Tout comme l'incarnation n'oblitère pas l'humanité de
Jésus, elle aussi, à travers la nature, n'oblitère
pas les entités individuelles comprises dans l'ordre naturel.
Cependant
- et ici se trouve le point crucial de cet essai - la présence
de Dieu à travers la nature, la resacralise. Toute existence
est rendue sainte.
Il n'y a pas de royaume séculier, pas de temps ni de places
ni de choses en dehors de la présence de Dieu.
Les
hommes peuvent être uniques en étant créés
"à l'image de Dieu" mais la doctrine "inspirée
par le Process" entraîne avec elle un corollaire inéluctable
qui relève de la crise environnementaliste que nous devons
affronter aujourd'hui.
La valeur d'une entité, quelque insignifiante qu'elle puisse
paraître, n'est pas éteinte dans sa valeur matérielle
: chaque entité est valorisée en soi et pour soi, elle
est sacrée. Comme je l'ai noté dans un précédent
article, nous devons être saisis par l'évidence que la
présence de Dieu envahit toute la création
que
le souci d'amour de Dieu s'étend même jusqu'à
ce qui est sauvage et lointain sur la terre, tout comme les forêts
tropicales fumantes, les déserts arides, les calottes polaires
frigides, les régions que nous considérons, à
tort, comme sans intérêt ou oubliées par Dieu.
Dieu
est aimant, présent et actif, même là où
il n'y a personne
!
Si cette vision nous saisit, voici, en deux
niveaux, ce qu'il faut faire :
1) d'abord laisser capturer notre raison: intellectuellement nous
devons abandonner notre égocentrisme arrogant et nous ouvrir
au fait que nous ne sommes qu' une toute petite partie d'un vaste
réseau intriqué dans la nature. De plus, nous devons
rétablir l'équilibre entre transcendance et immanence
de Dieu. Chaque parcelle de la terre est sol sacré, même
là où ne vit personne.
2) Mais il n'est pas suffisant de se rallier à cette nouvelle
vision des choses seulement par intelligence. Nous devons aussi développer
une participation mystique au réseau de la vie. Ainsi qu'une
prise de conscience personnelle de la présence de Dieu dans
tout ce qui nous concerne. Nous devons personnellement expérimenter
ce qu'Elizabeth Browning ressentit quand elle écrivit :
La
terre est toute gorgée de ciel
Et le moindre arbuste est dévoré du feu de Dieu,
Mais seul celui qui voit retire ses chaussures.

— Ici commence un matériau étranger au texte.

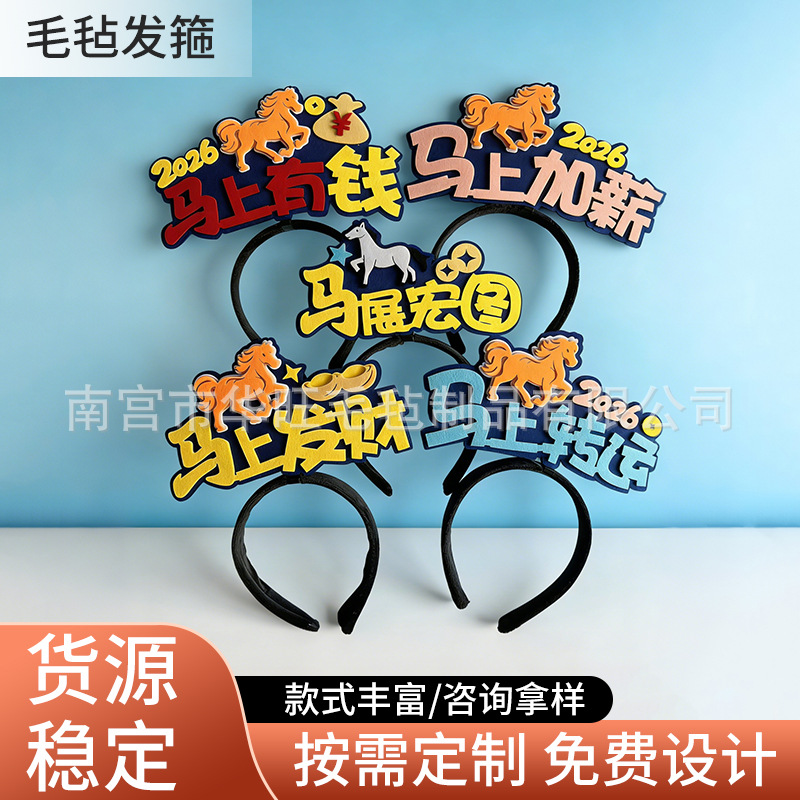 2026年新款马年装饰发箍 diy文字头箍节日应援发饰毛毡发箍发饰

Les autres s'en soucient comme d'une guigne et bâillent aux
corneilles
La
pleine puissance de cette nouvelle vision ne sera seulement ressentie
que lorsque le rationnel sera combiné avec le mystique. Les
gens qui ont la foi ne pourront rendre meilleur service au monde que
par la contagion des autres de cette vision transformatrice.